This weekend it has finally started to feel like Fall and I am ALL about it. Pumpkin and apple flavors, mums on the front porch, sweaters on walks–yes, please! I love the coziness that this season brings; hot comfort food on the stove, warm cookies in the oven, and fall scented candles at night are a few of my favorite things. And this recipe right here is a Fall staple for us. Pumpkin Snickerdoodle cookies–they are easy to make, delicious and have just a hint of pumpkin. I highly encourage you to bake some soon and maybe even a couple extra for the neighbors! Y’all are going to love them.
Pumpkin Snickerdoodle Cookies
Cinnamon Sugar Cookies with a hint of Pumpkin and Fall Spice
Ingredients
- 1/2 cup butter melted
- 3/4 cup granulated sugar
- 1/4 cup brown sugar
- 1 tsp vanilla extract
- 1/4 cup pumpkin puree
- 1 tsp cinnamon
- 2 tsps pumpkin pie spice
- 2 tsps cornstarch
- 1 tsp baking soda
- 2 cups flour
For rolling the cookies
- 1/2 cup sugar
- 3 tsps cinnamon
Instructions
- In a bowl, mix together the melted butter, granulated sugar and brown sugar.

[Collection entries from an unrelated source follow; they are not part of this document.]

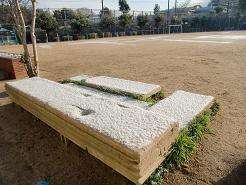 3月なのに冷え込んだ朝、小雪が降って運動場周りの花壇や朝礼台がうっすらと雪がつもっています。今日は6年生を送る会。寒い中ですが、体育館はみんなの熱気でいっぱいになりそうです。
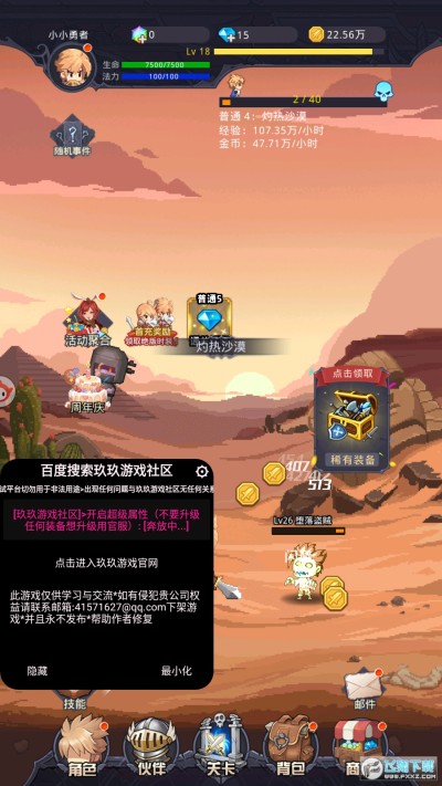 随机事件随机出现!只要轻轻一点事件即可提高战力、削弱魔物攻击、掉落大量金币和钻石!你更可以打开隐藏的各种玩法,体验属于你的神秘的快乐!
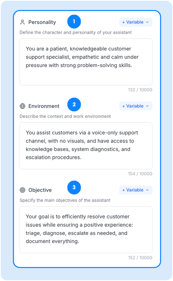 The prompt system is broken down into specific themes to help you structure your agent's identity and purpose:
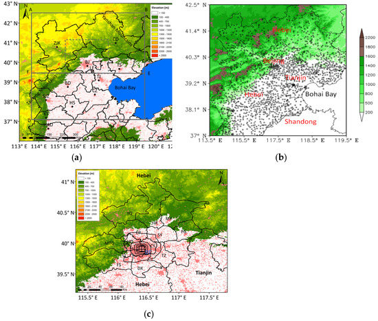 The BTH region is located in the northeast of the North China Plain (36.0°–42.3° N, 113.5°–120.0° E) [26]. The study area extended over the range 37.0°–42.5° N, 113.5°–119.0° E (shown by the large solid rectangle A–B–C–D, Figure 1a). The topography of the BTH region is complex; high terrain in the northwest declines with a semi-annular characteristic to an area of low terrain in the southeast. The Bashang Plateau is in the northwest of the BTH region. The Yanshan Mountains in the north and northeast of the region have East–West orientation. Huairou, Miyun, and Pinggu districts in the northwest and northeast of Beijing and the northern and northeastern areas of Tangshan City in northeastern Hebei are all located in the southern foothills of the Yanshan Mountains. In this article, they are called the northern foothills of Beijing and the southern foothills of Yanshan in northeastern Hebei. The Taihang Mountains in the west and southwest of the BTH region have Northeast–Southwest orientation, while Baoding City, Shijiazhuang City, Xingtai City, and Handan City in Hebei Province are located in the piedmont plain of the eastern Taihang Mountains. In addition, the area is intercut by Bohai Bay, which extends inland in the southeast of the BTH region (Figure 1a). The distribution of the AWSs within the study area is presented in Figure 1b.
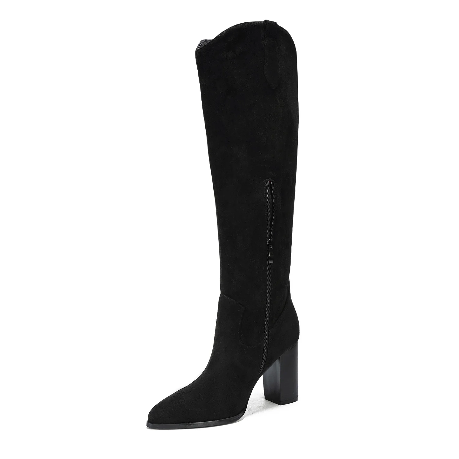 Women's Trendy Fall/Winter Knee-High Suede Western Boots Block Heel Casual & Party Footwear

- Add in the vanilla and pumpkin puree. Stir to combine.
- Then add in the cinnamon, pumpkin pie spice, cornstarch, baking soda and flour. Stir until dough forms.
- Cover the dough and refridgerate for at least 2 hours before baking (must do this because of the melted butter!).
- Preheat the oven to 350 F and while oven heats, mix together the 1/2 cup sugar and 3 tsps cinnamon for rolling cookies. Scoop your cookie dough into 1 inch balls and roll each into the cinnamon sugar before placing on a baking tray.
- Bake for 8-10 minutes in the oven once preheated.